Michael Kent John Kent v. Ivan Mindlin

106 F.3d 407

NOTICE: Ninth Circuit Rule 36-3 provides that dispositions other than opinions or orders designated for publication are not precedential and should not be cited except when relevant under the doctrines of law of the case, res judicata, or collateral estoppel.
Michael KENT; John Kent, Plaintiffs-Appellees,
v.
Ivan MINDLIN, Defendant-Appellant.

No. 96-15338, 96-15468.

United States Court of Appeals, Ninth Circuit.

Argued and Submitted Dec. 9, 1996.
Decided Jan. 15, 1997.

Before: WIGGINS, BRUNETTI, T.G. NELSON, Circuit Judges.

1

MEMORANDUM*

OVERVIEW

2

John and Michael Kent sued Dr. Ivan Mindlin in district court for the breach of two agreements related to sports betting pools. Mindlin denied the existence of the agreements and also argued they were illegal in any event. After a bench trial, the district court rendered judgment for the Kents, and Mindlin appealed. This court has jurisdiction under 28 U.S.C. § 1291. We AFFIRM the judgment.

3

In this lawsuit, the Kents initially claimed Mindlin owed money for betting pools in 1984-85 and for two other sports betting agreements in 1987. Mindlin defended both claims by denying the existence of the 1987 agreements and by arguing that all the agreements were unenforceable because they involved gambling that was illegal under state law.

4

The district court granted summary judgment in favor of Mindlin, finding all the alleged agreements were unenforceable because the subject matter involved illegal betting (at unlicensed bookmakers in various states). On appeal, we affirmed with regard to the claims arising from 1984-85. Kent v. Mindlin, 52 F.3d 333 (TABLE), 1995 WL 236248 (9th Cir.1995). We remanded to the district court, however, for further proceedings to determine the legality and enforceability of the two alleged 1987 contracts.

5

After a bench trial, the district court rendered judgment in favor of the Kents. It ruled that the parties had entered into two legal betting arrangements involving the 1987 college football season.
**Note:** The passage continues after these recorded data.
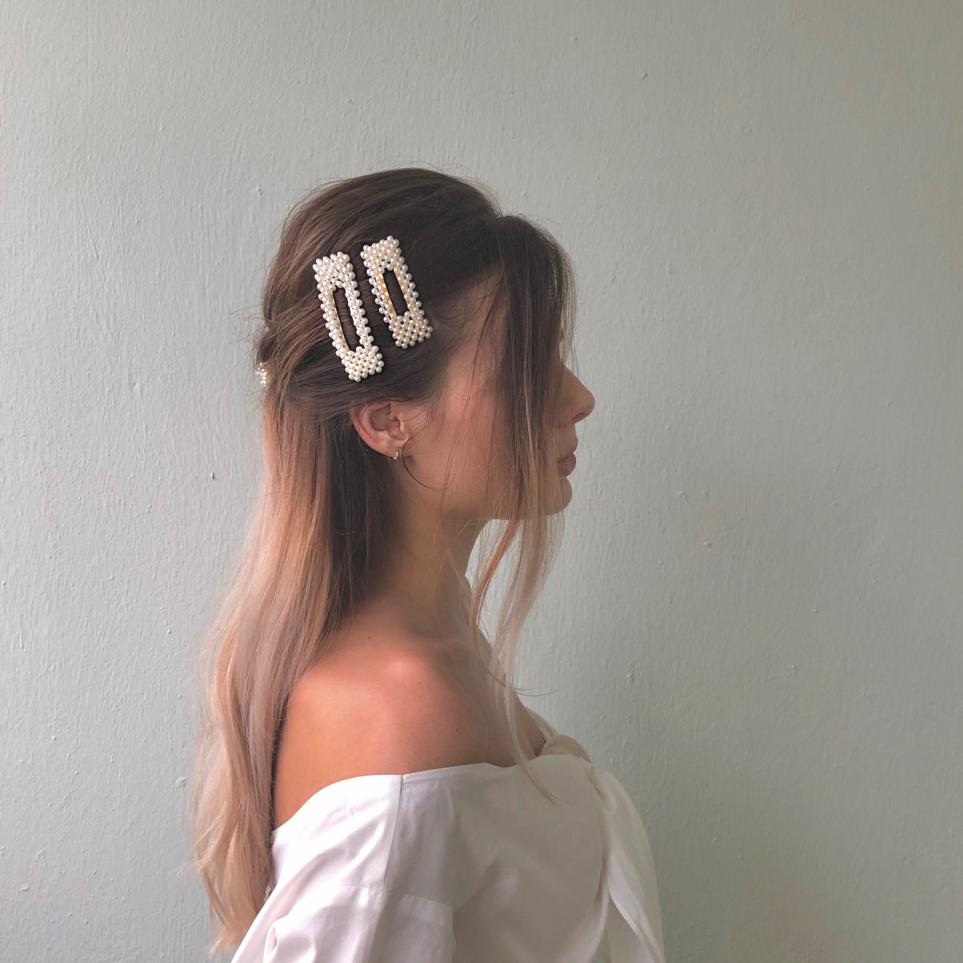 Handsewn Pearl Hair Barrettes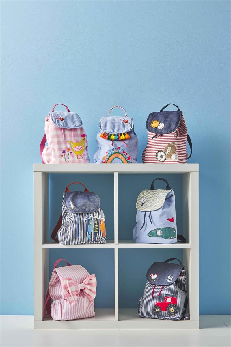 Our drawstring rainbow backpack is a perfect bag for school outings! The appliqued oxford backpack features a drawstring. The backpack features a snap top closure with flap. The backpack also has a canvas I.D. patch. The backpack can be adjusted to fit your little one as the bag has adjustable straps.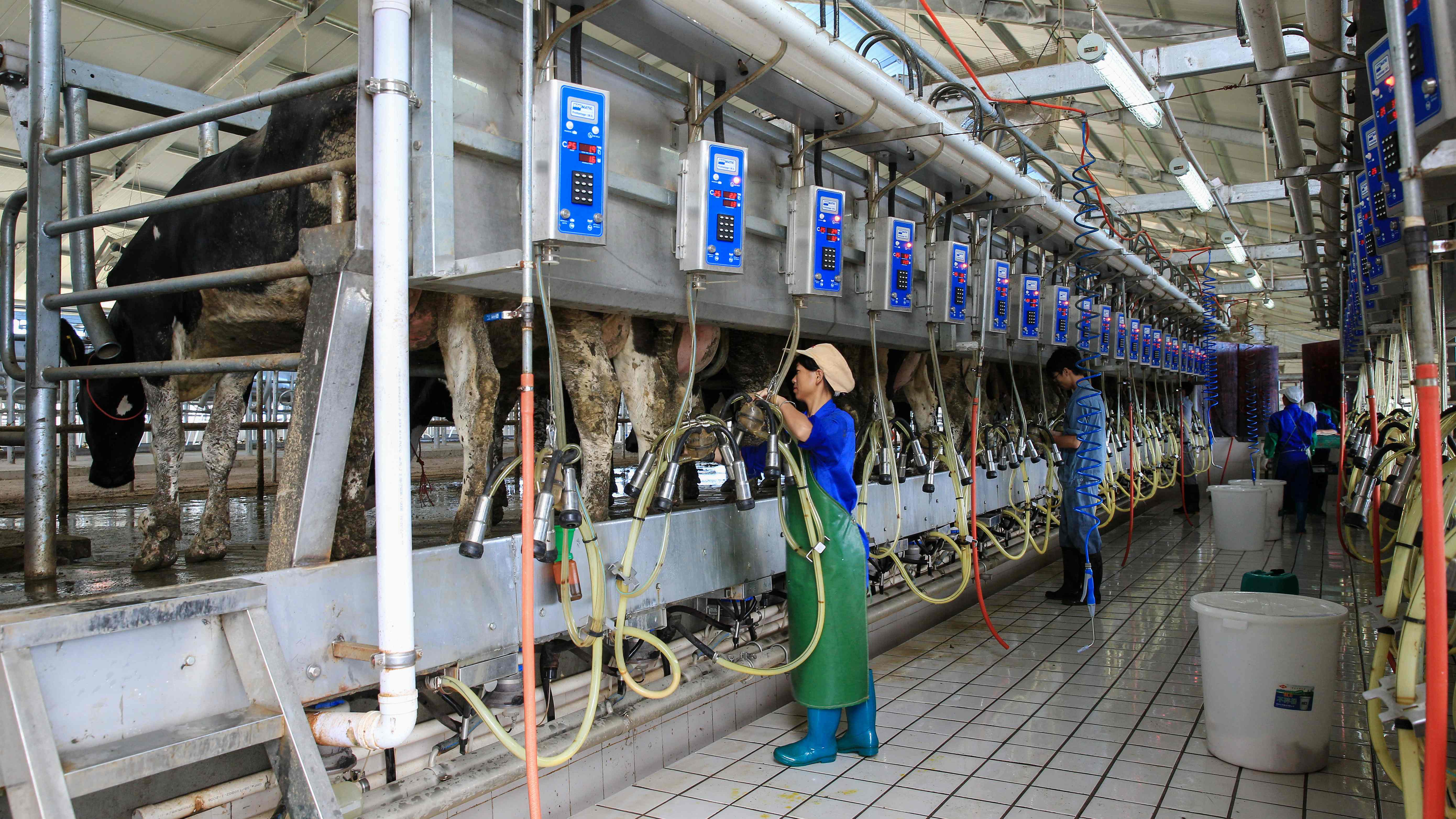 鐘山鎮溫氏奶牛基地自動化擠奶車間。黎遠偉 攝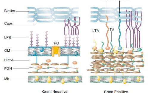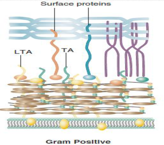Plus de 10 couches chez Gram positifs vs 2 chez Gram négatifs (rigidité)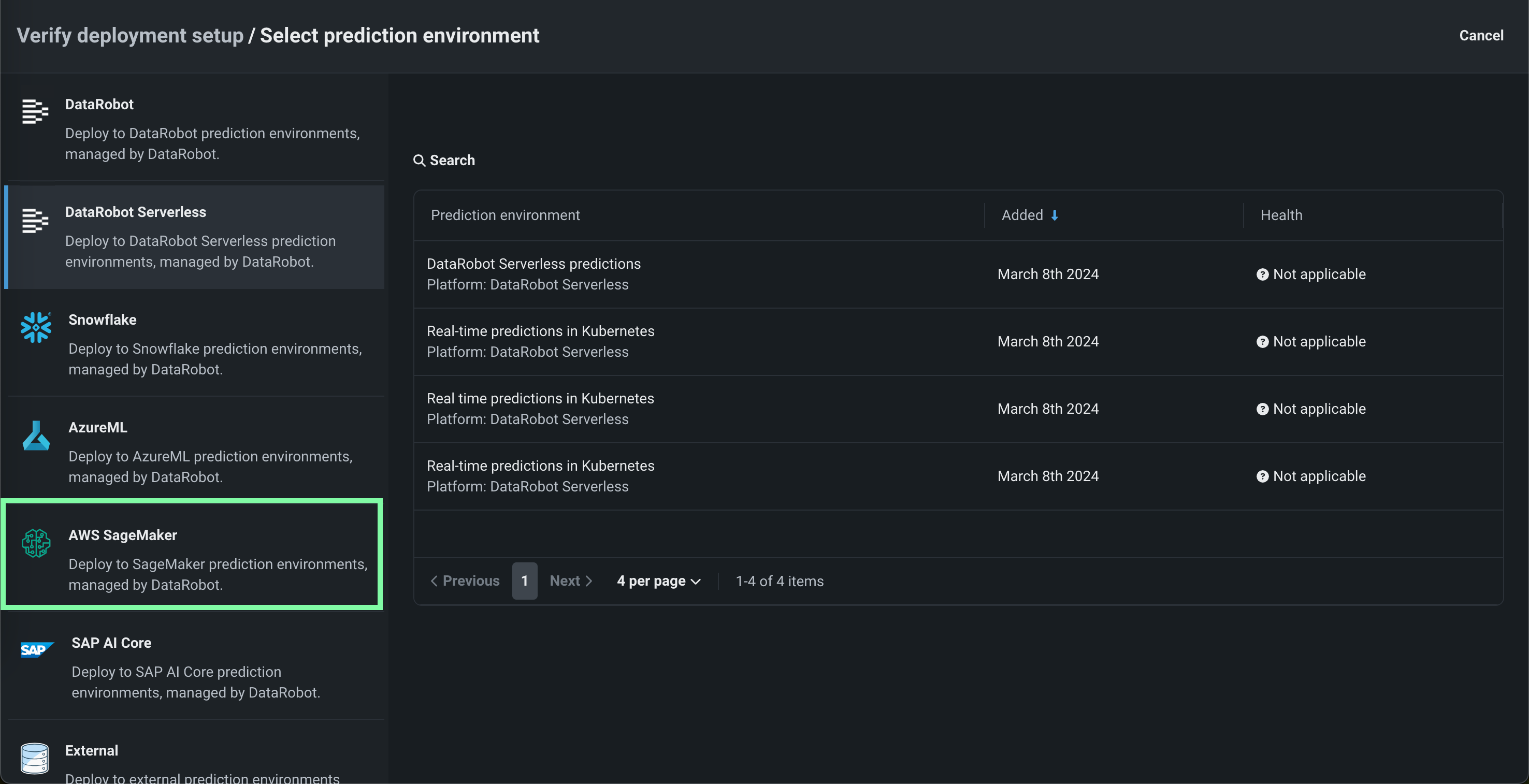 In the Select prediction environment panel, click AWS Sagemaker, and then click the prediction environment you want to deploy to.

First, Mindlin agreed to pay $700,000 to the Kents in exchange for an exclusive right to bet the sport lines based on the computer analysis the Kents generated (the "Information Agreement"). After one week, Mindlin terminated the agreement, to which the Kents agreed without giving up their right to payment for their analysis of the games they had provided for the one week. That week (one of sixteen for the season), only 22 games had been posted for bets. Because 430 games were expected to be posted for the season, the Kents claimed 22/430 of the $700,000. The court thus awarded $35,648.

6

Soon after the Information Agreement ended, Mindlin, the Kents, and others agreed to another betting arrangement (the "Betting Agreement"). The Betting Agreement formed a betting pool based on the Kents generating the betting analysis and Mindlin placing bets at the Union Plaza casino (a legal sports book) in Las Vegas on the Sundays before the games. Mindlin's primary contribution to the pool was his access to a non-public early line through his relationship with the managers.

7

The Kents testified that they believed Mindlin placed the bets personally at the Union Plaza, rather than phoning them in from out-of-state. The Kents also testified that they intended that this pool's bets would only be placed in legal sports books. Occasionally, other participants in the plan would place bets later in the week at other licensed sports books if the betting lines changed favorably.

8

Each week, John Kent would calculate how much Mindlin owed the rest of the pool from the Union Plaza bets and subtract Mindlin's share of the profits from the other bets. Until it ceased operations around October 31, 1987, the pool had a positive running balance from the Union Plaza operations of $166,900. The Kents were entitled to 80% of the profits from what Mindlin owed to the rest of the pool. Mindlin paid the other participants their share, but did not pay the Kents. Thus, the district court found that Mindlin owed the Kents $133,520 under the Betting Agreement.

9

Thus, the total judgment for the Kents was $169,168, plus prejudgment interest. The order stated interest on the Information Agreement should accrue from September 5, 1987, and on the Betting Agreement from October 31, 1987.

Discussion

10

We review the district court's findings of fact for clear error. Fed.R.Civ.P. 52(a); Masayesva v. Zah, 65 F.3d 1445, 1453 (9th Cir.1995), cert. denied sub. nom., 116 S. Ct. 1569 (1996). Questions of law, including a district court's interpretation of state law, are reviewed de novo. Salve Regina College v. Russell, 499 U.S. 225, 231, 111 S. Ct. 1217, 1221 (1991). Applications of law to facts present mixed questions, reviewed de novo where the application requires "consideration of legal principles." Masayesva, 65 F.3d at 1453. We review for clear error, however, if the application is "essentially factual." Id.

11

Mindlin alleges several specific errors, both to the sufficiency of the district court's findings and to its substantive decision. He contends that the Information Agreement and the Betting Agreement were illegal, and that the district court did not make sufficient findings of their legality in any event. Mindlin also challenges several of the district court's factual determinations, claiming that the district court (1) had no factual basis to find the parties agreed to the terms of the Information Agreement, (2) erred in not finding the Betting Agreement illegal because Mindlin placed illegal telephone wagers from out-of-state to make the agreement work, and (3) improperly awarded prejudgment interest.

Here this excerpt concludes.